Following the Meiji restoration, the village of Kasaoka was established within Oda District, Okayama with the creation of the modern municipalities system on June 1, 1889. It was raised to town status on October 23, 1891 and to city status on April 1, 1952. Due to its strong historical, cultural and economic ties with Fukuyama, proposals have been made for a merger between the two municipalities.

==Government==
Kasaoka has a mayor-council form of government with a directly elected mayor and a unicameral city council of 17 members. Kasaoka contributes two members to the Okayama Prefectural Assembly. In terms of national politics, the city is part of the Okayama 3rd district of the lower house of the Diet of Japan.

==Economy==
Kasaoka is located in the Seto Inland Sea Industrial Belt and together with neighboring Fukuyama was designated in 1964 as the "Bingo District Special Industrial Development Area". The city has a high concentration of heavy industry, notably related to JFE Steel, a major producer of crude steel in Japan.

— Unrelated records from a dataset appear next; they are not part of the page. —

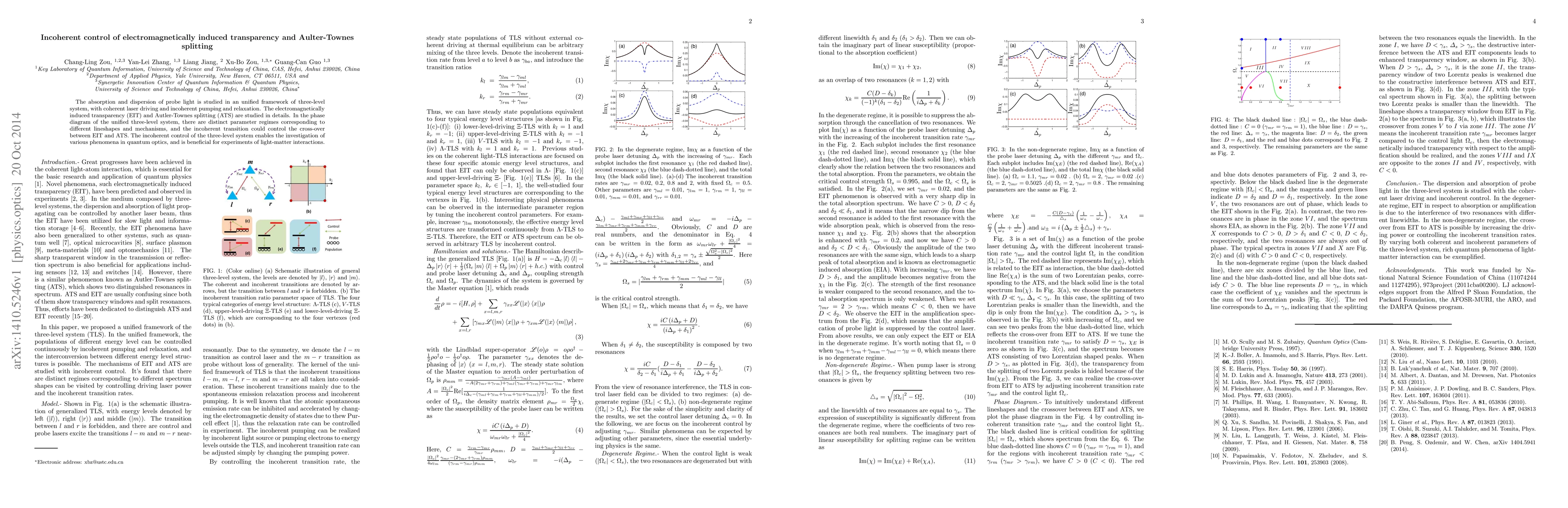 Summary: The research explores the effects of incoherent pumping and relaxation in a three-level system, demonstrating how incoherent control can influence the crossover between electromagnetically induced transparency and Autler-Townes splitting, offering new insights into quantum optics and light-matter interactions.
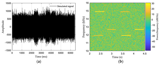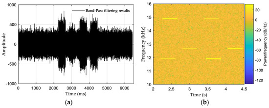 Signal after band-pass filtering. (a) Signal waveform. (b) Signal spectrogram.
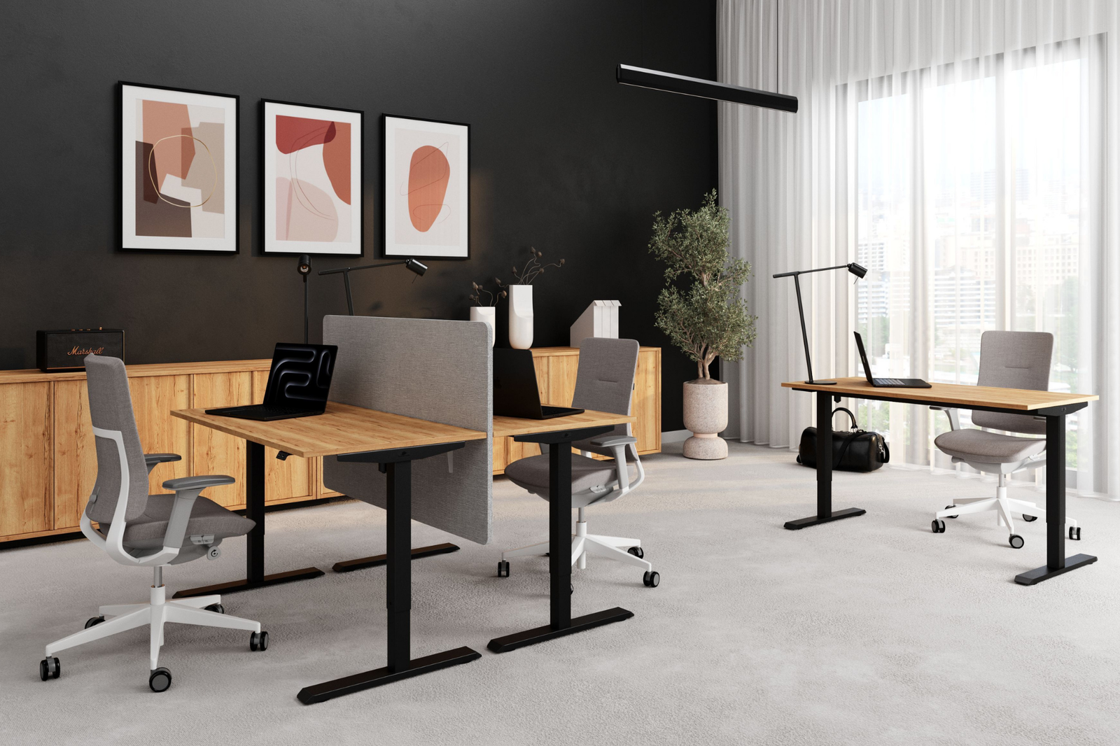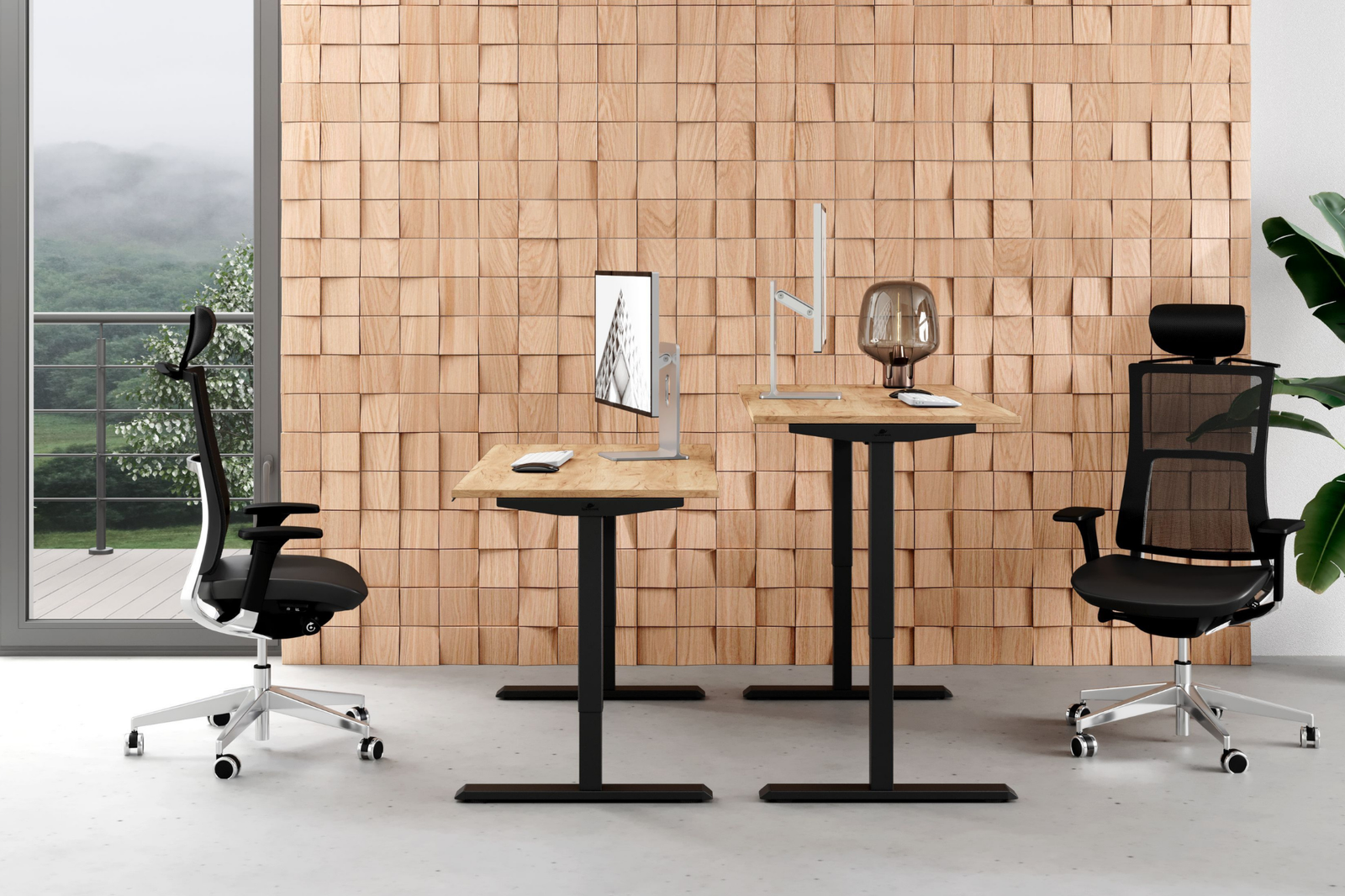 Regulacja wysokości blatu biurka oferuje możliwość idealnego dopasowania mebla to indywidualnych potrzeb i preferencji użytkownika. Dzięki takiemu rozwiązaniu z łatwością można zmienić pozycję z siedzącej na stojącą, co zmniejsza napięcie mięśniowe i poprawia ogólne samopoczucie i koncentrację podczas długich godzin spędzonych przy pracy lub nauce. Stelaż biurka z elektryczną regulacją wysokości blatu wyposażony został w prosty w obsłudze panel sterujący z wyświetlaczem LED pokazującym aktualną wysokość oraz przyciskami „góra” i „dół”, a także przyciskami umożliwiającymi zaprogramowanie dwóch najbardziej komfortowych ustawień wysokości.

Agriculture, food processing are also major contributors to the local economy, although the traditional industries stone quarrying and production of pyrethrum are in decline due to competition from foreign sources. The city is also increasing a commuter town for neighboring Fukuyama and Kurashiki.

==Education==
Kasaoka has 18 public elementary schools and nine public junior high schools operated by the city government and one private junior high school. The city has four public high schools operated by the Okayama prefectural Board of Education. The prefecture also operates one special education school for the disabled.

== Transportation ==
=== Railway ===
 JR West (JR West) - San'yō Main Line

=== Highways ===
- San'yō Expressway

==Sister cities==
Kasaoka is twinned with:
- USA Astoria, Oregon, United States
- Goseong County, South Korea
- Kota Bharu, Kelantan, Malaysia
- Mörbylånga, Sweden
- Ōda, Shimane, Japan

==Landmarks and local cultural facilities==
- Kasaoka is the location of a protected horseshoe crab breeding habitat and the city features a Horseshoe Crab Museum.
- Chikkyo Art Museum
- Tsukumo Shell Mound, National Historic Site
- In culinary terms, Kasaoka city is known for its abundance of sea food and a local specialty of chicken based ramen.

==Crime and safety==
The Asano-gumi yakuza syndicate is based in Kasaoka. The Asano-gumi is the only designated yakuza group based in Okayama Prefecture.